• The problem
Transcribe the entries below exactly from their first line through the line containing "(通讯员 何敏之)为引导研究", and let no picture into the copy.

• Supplied material
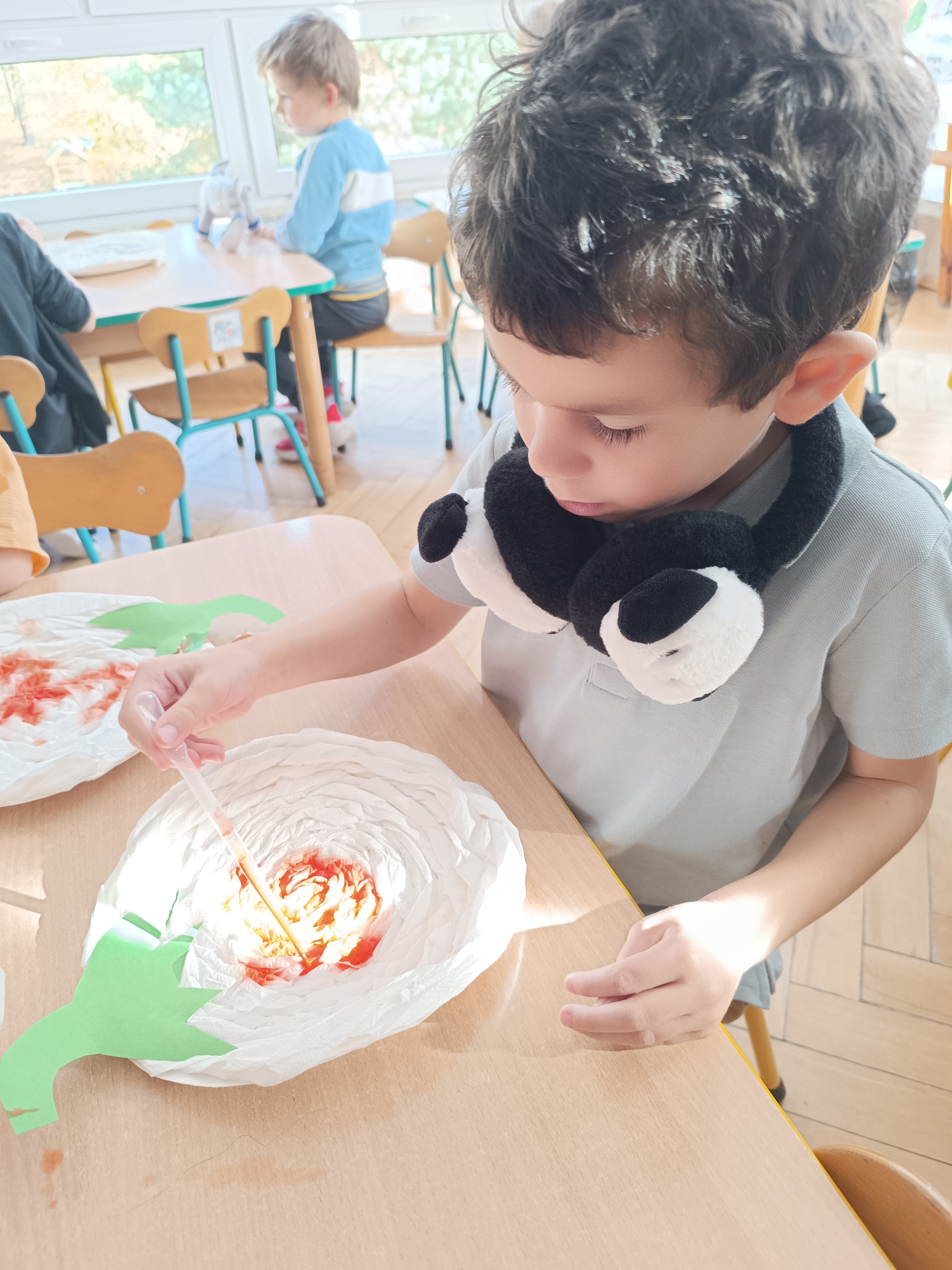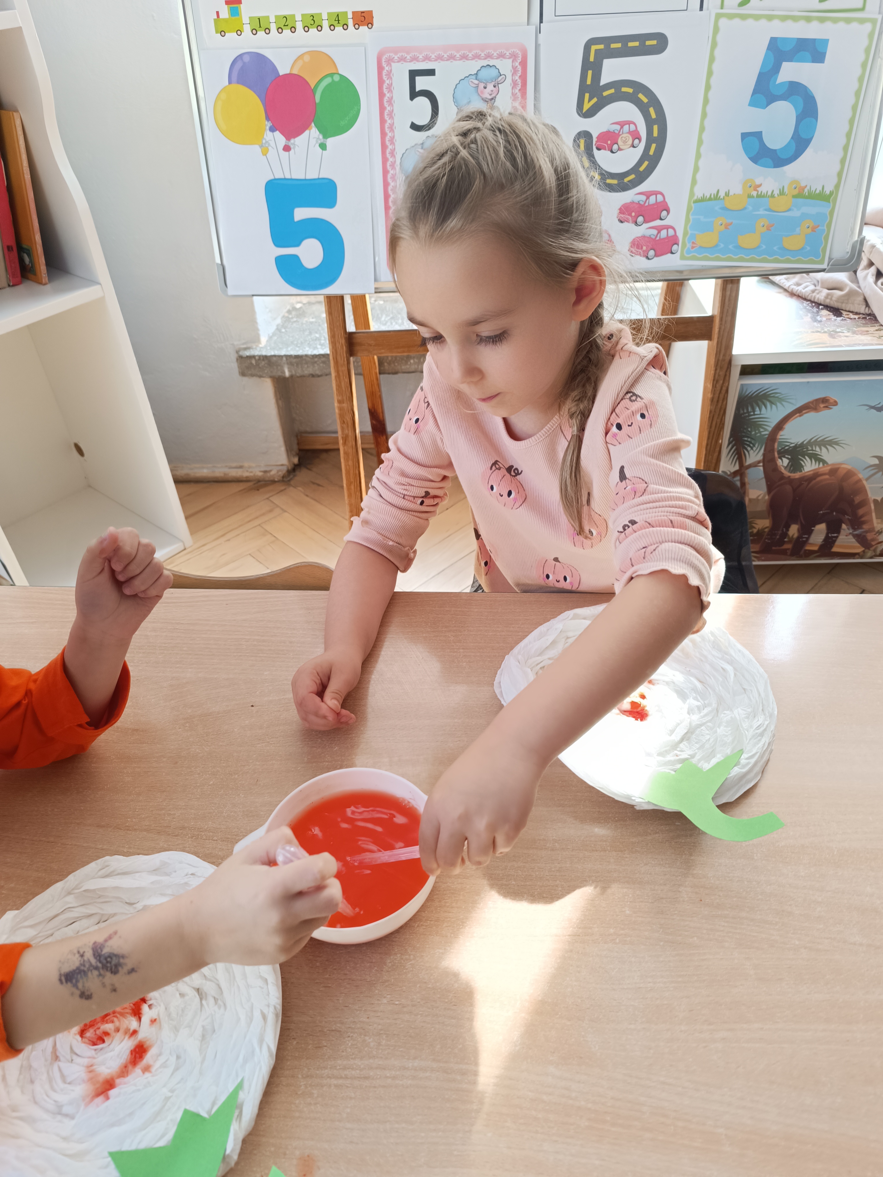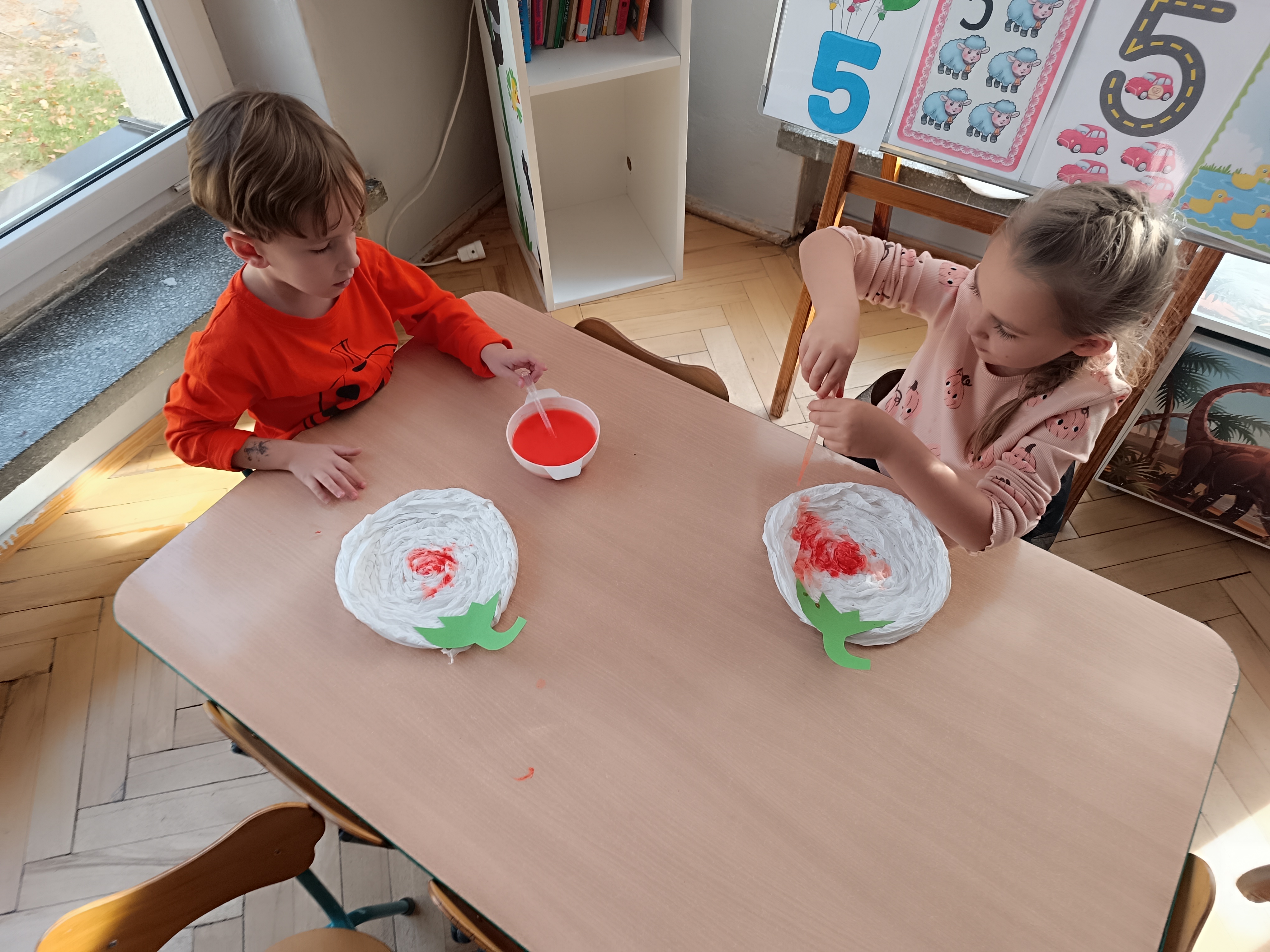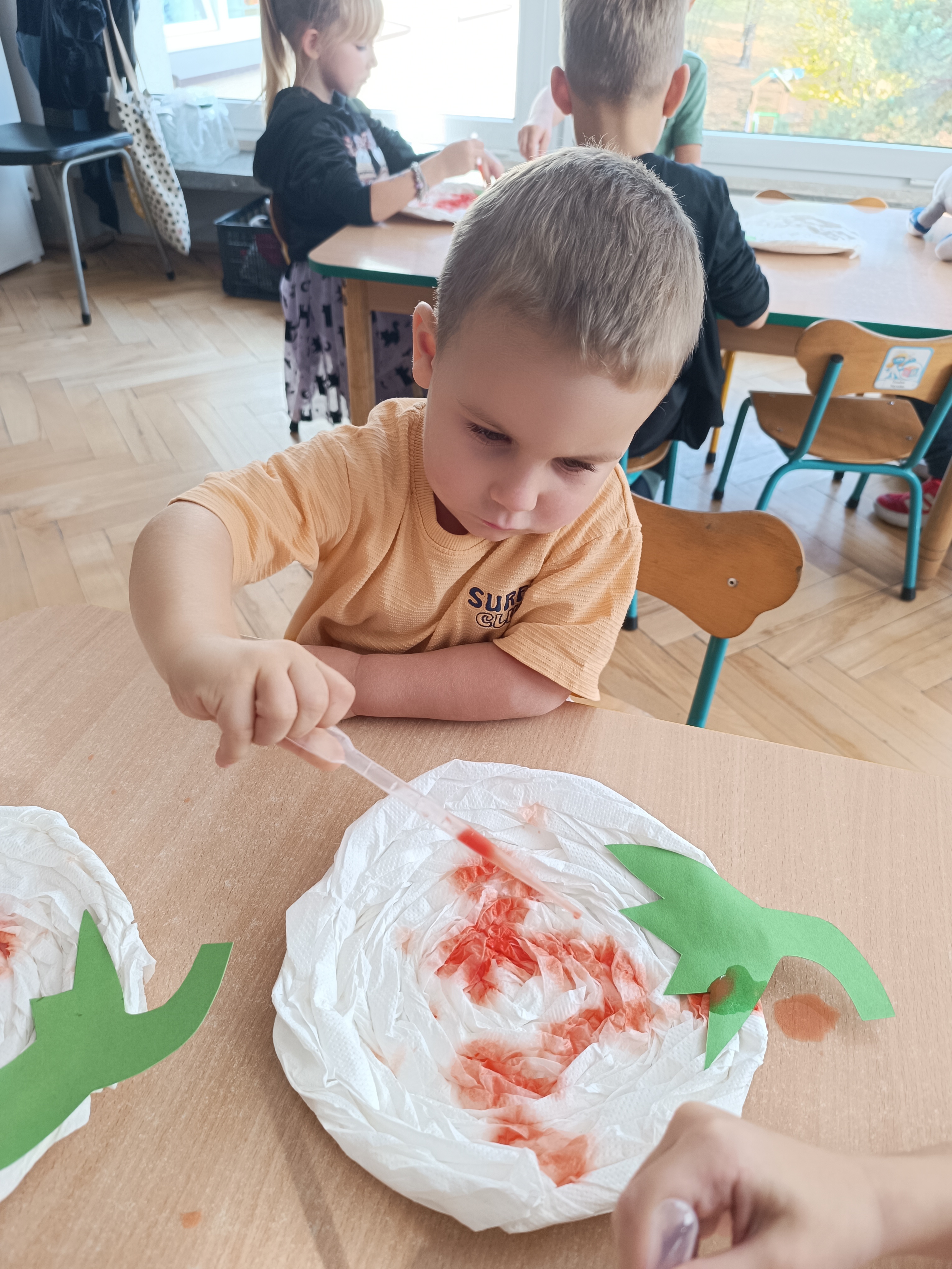 Na sam koniec zajęć zrobiliśmy piękna pracę plastyczną, dynię malowaną pipetami.
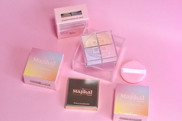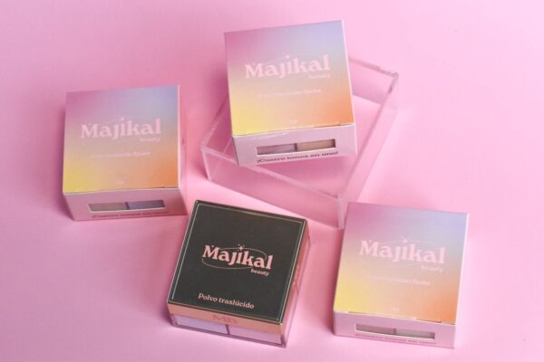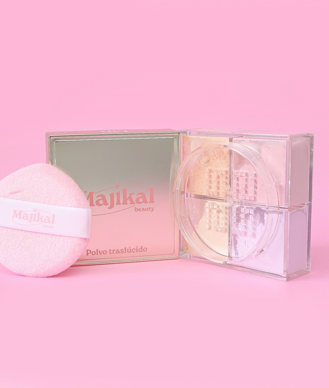 El polvo suelto de Majikal es traslúcido, fijador y corrector de color, que contiene cuatro tonos armonizados, adaptados a todo tipo de piel para un acabado suave. Matifica, corrige y difumina los poros.
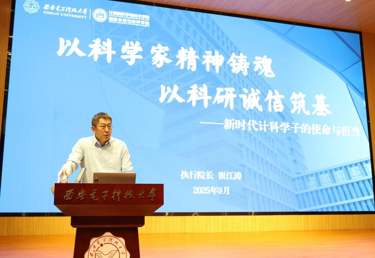(通讯员 何敏之)为引导研究生新生树立正确学术价值观,筑牢科学道德防线,9月12日下午,必威西汉姆联在南校区网安大楼B-101报告厅开展“以科学家精神铸魂,以科研诚信筑基——新时代计科学子的使命与担当”主题讲座,公司执行经理崔江涛教授主讲,全体2025级研究生新生参加,会议由副经理杨力主持。
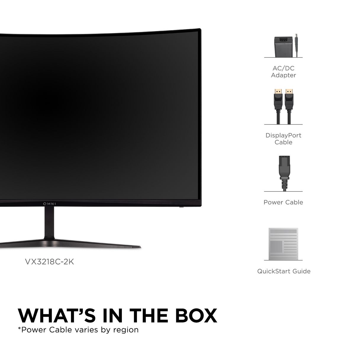 With an immersive 1500R curved screen and stunning WQHD 2560 x 1440 resolution, the ViewSonic VX3218C-2K monitor provides an incredible viewing experience for work or play. With features including a 165Hz* refresh rate, 1ms (MPRT) response time and AMD FreeSync technology, this monitor virtually eliminates screen tearing and stuttering for a fluid gaming experience. The VX3218C-2K also comes equipped with ViewSonic exclusive ViewMode™ presets, which deliver optimized screen performance for enhanced home entertainment. Enjoy watching movies, editing files and playing video games like never before. Two HDMI (v2.0) inputs and one DisplayPort (v1.2) input offer flexible connectivity for both general use and entertainment.
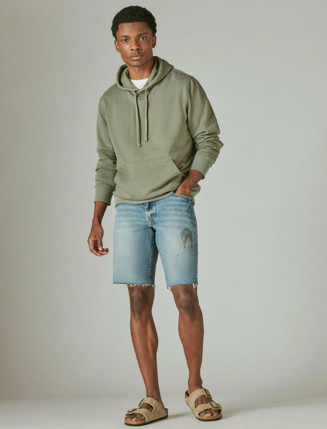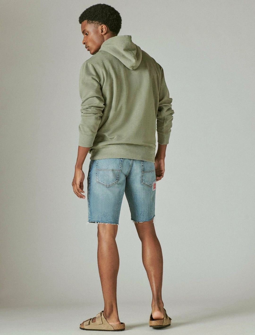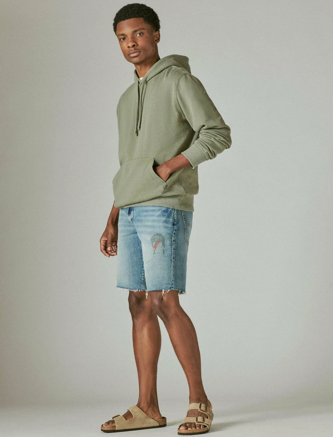 Perfect for athletic builds, the Athletic Straight short balances a mid rise with a straight fit, complete with frayed hems in distressed light wash denim. From our limited edition Lucky Legend collection, this pair features iconic David Bowie graphics and patches for your own authentic style.Mid rise with a straight fit. Distressed light vintage wash denim. Comfort stretch with just the right amount of give. 5-pocket styling with button-and-zip fly. 9″ inseam
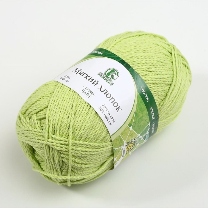 Пряжа "Мягкий хлопок" 70% хлопок, 30% нейлон 220м/100гр (026 салат)
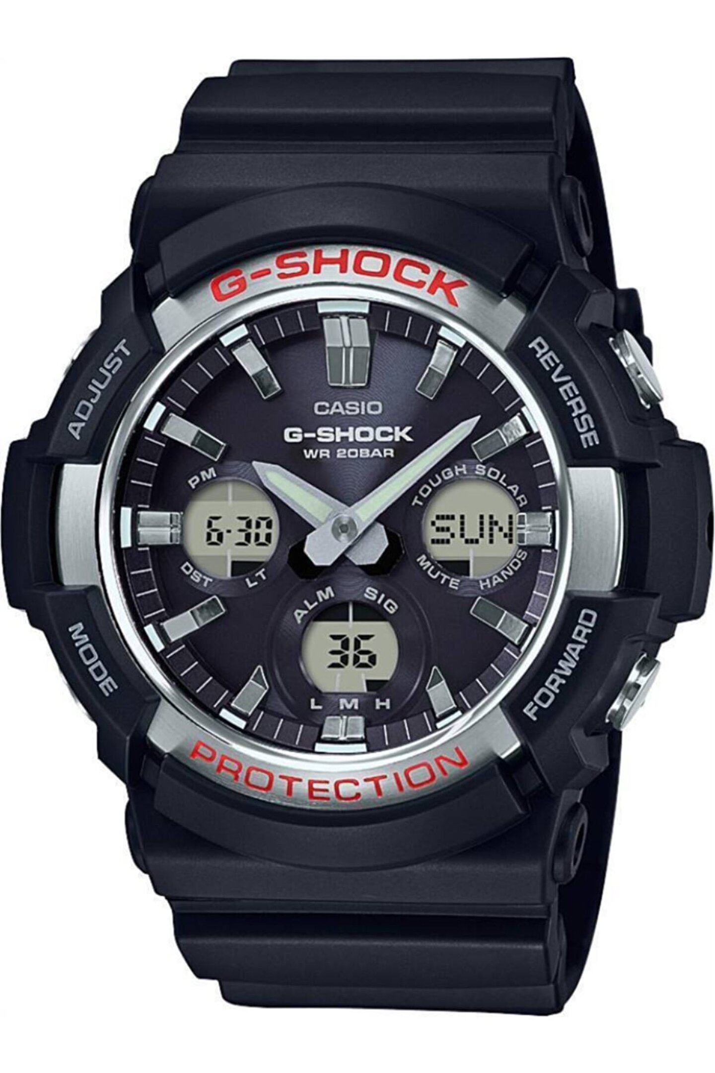 Temel Özellikler; Alarm, Aydınlatma, Dünya Saatleri, Güneş Enerisi, Kronometre, Takvim Genel Özellikler; Tarz : Spor Saat Seri : G-Shock Kasa Şekli : Oval Kasa Cinsi : Plastik Kasa Rengi : Gri-Siyah Kadran Rengi : Siyah Kordon Rengi : Siyah Kordon Tipi : Silikon Cam Tipi : Mineral Su Geçirmezlik : 200 Atm Ağırlık : 76 Gr Ölçü : 52.5x55.1x16.7 Makine Tipi : Analog / Digital Menşei : Çin Diğer Özellikler; 12/24 Saat Formatı, Pil Seviye Göstergesi, Darbelere Karşı Dayanıklılık, Sessizlik Fonksiyonu

• Output
 Na sam koniec zajęć zrobiliśmy piękna pracę plastyczną, dynię malowaną pipetami.
 El polvo suelto de Majikal es traslúcido, fijador y corrector de color, que contiene cuatro tonos armonizados, adaptados a todo tipo de piel para un acabado suave. Matifica, corrige y difumina los poros.
(通讯员 何敏之)为引导研究生新生树立正确学术价值观,筑牢科学道德防线,9月12日下午,必威西汉姆联在南校区网安大楼B-101报告厅开展“以科学家精神铸魂,以科研诚信筑基——新时代计科学子的使命与担当”主题讲座,公司执行经理崔江涛教授主讲,全体2025级研究生新生参加,会议由副经理杨力主持。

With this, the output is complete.